## What you are asked to do
Your answer must be only the lines below from the one containing "小野寺 双太さんの総格は42画の3点!" through the one containing "Шкаф распашной Раунд BMS –", copied exactly, with the pictures left out.

Input START

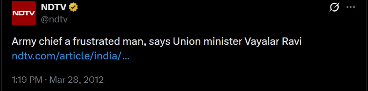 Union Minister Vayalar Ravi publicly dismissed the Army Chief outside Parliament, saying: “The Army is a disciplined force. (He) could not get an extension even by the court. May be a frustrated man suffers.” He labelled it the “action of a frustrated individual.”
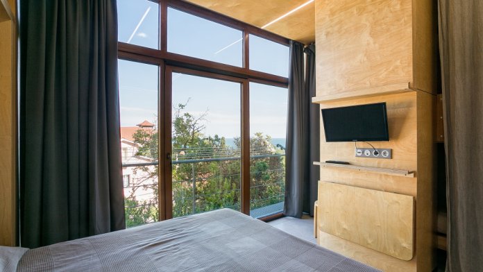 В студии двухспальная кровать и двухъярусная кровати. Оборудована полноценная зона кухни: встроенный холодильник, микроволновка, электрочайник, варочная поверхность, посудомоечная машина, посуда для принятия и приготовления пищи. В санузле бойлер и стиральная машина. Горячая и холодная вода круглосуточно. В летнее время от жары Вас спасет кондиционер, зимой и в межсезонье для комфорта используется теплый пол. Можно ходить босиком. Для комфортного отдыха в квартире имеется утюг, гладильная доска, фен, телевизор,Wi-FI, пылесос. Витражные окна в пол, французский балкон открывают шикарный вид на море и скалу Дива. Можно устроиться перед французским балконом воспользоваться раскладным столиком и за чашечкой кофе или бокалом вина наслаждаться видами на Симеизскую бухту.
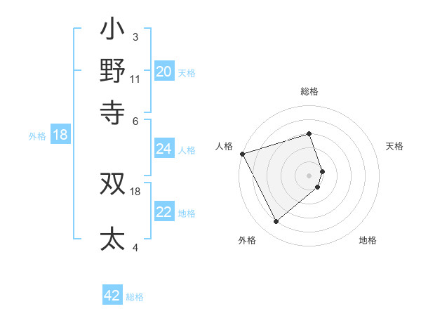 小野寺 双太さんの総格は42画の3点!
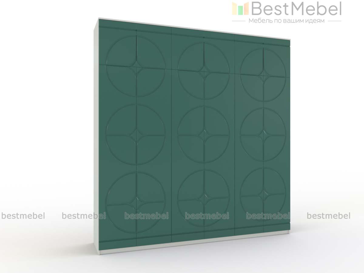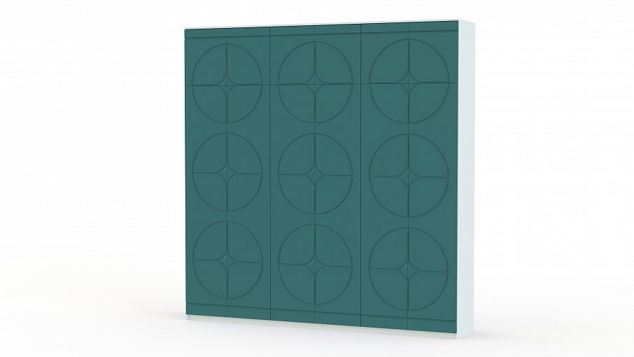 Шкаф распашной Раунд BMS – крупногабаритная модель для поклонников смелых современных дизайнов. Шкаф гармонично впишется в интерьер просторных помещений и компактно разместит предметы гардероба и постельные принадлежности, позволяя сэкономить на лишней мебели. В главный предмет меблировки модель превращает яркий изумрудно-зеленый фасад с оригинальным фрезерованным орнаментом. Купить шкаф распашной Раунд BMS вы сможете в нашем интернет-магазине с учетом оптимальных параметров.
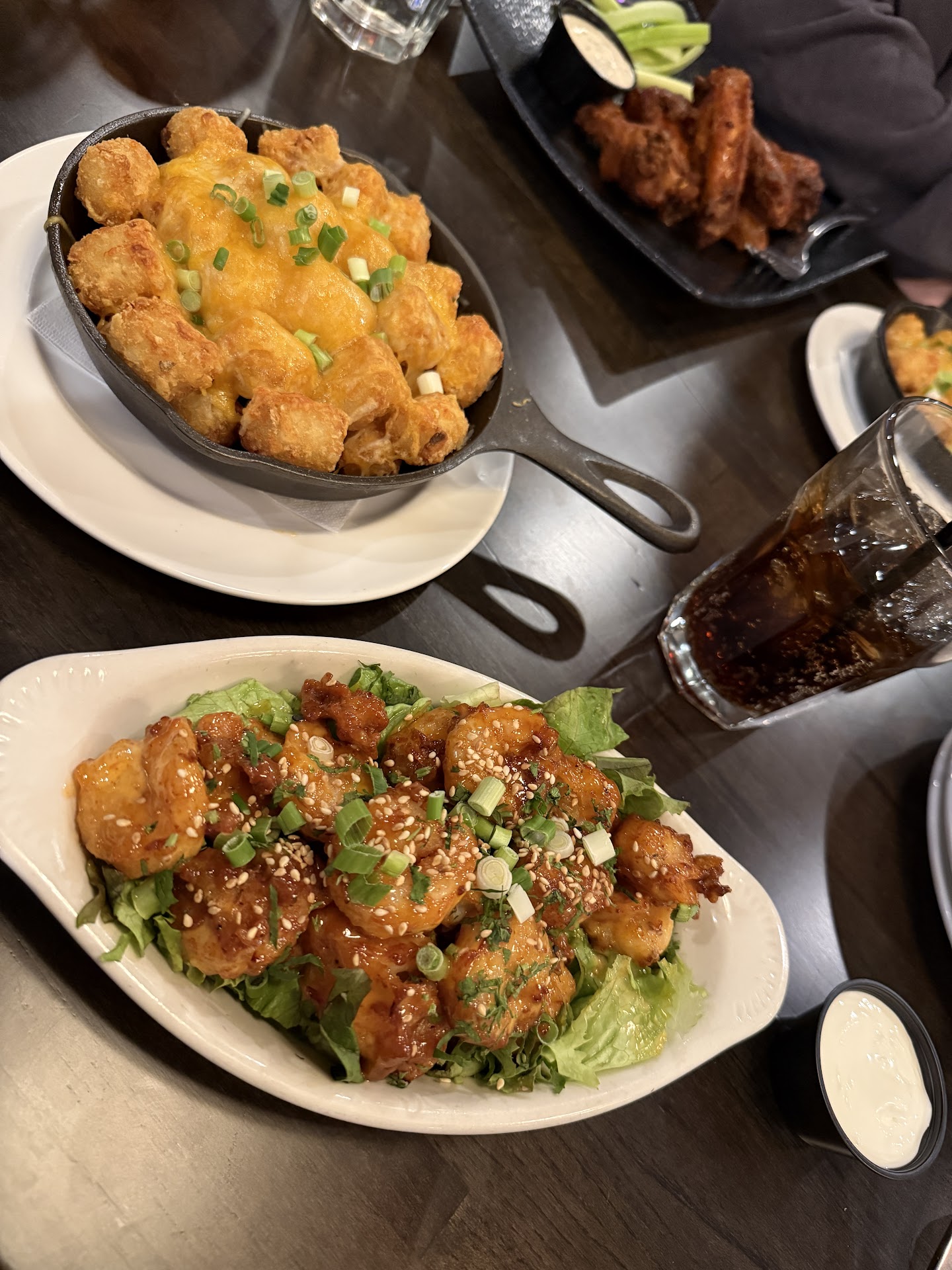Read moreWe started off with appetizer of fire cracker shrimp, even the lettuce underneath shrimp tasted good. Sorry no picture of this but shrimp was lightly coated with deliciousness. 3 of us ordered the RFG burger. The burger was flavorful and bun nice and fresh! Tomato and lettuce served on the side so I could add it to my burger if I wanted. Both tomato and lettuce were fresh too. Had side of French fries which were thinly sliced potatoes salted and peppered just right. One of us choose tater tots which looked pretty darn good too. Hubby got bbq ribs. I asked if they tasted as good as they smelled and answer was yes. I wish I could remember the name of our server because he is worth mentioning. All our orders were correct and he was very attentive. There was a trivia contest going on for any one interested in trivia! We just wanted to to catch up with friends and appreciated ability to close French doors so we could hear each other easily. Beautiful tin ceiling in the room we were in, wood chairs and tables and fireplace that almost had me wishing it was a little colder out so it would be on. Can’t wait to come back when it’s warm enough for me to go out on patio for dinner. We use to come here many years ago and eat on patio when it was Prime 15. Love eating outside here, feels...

Input END

## Response below
 小野寺 双太さんの総格は42画の3点!
 Шкаф распашной Раунд BMS – крупногабаритная модель для поклонников смелых современных дизайнов. Шкаф гармонично впишется в интерьер просторных помещений и компактно разместит предметы гардероба и постельные принадлежности, позволяя сэкономить на лишней мебели. В главный предмет меблировки модель превращает яркий изумрудно-зеленый фасад с оригинальным фрезерованным орнаментом. Купить шкаф распашной Раунд BMS вы сможете в нашем интернет-магазине с учетом оптимальных параметров.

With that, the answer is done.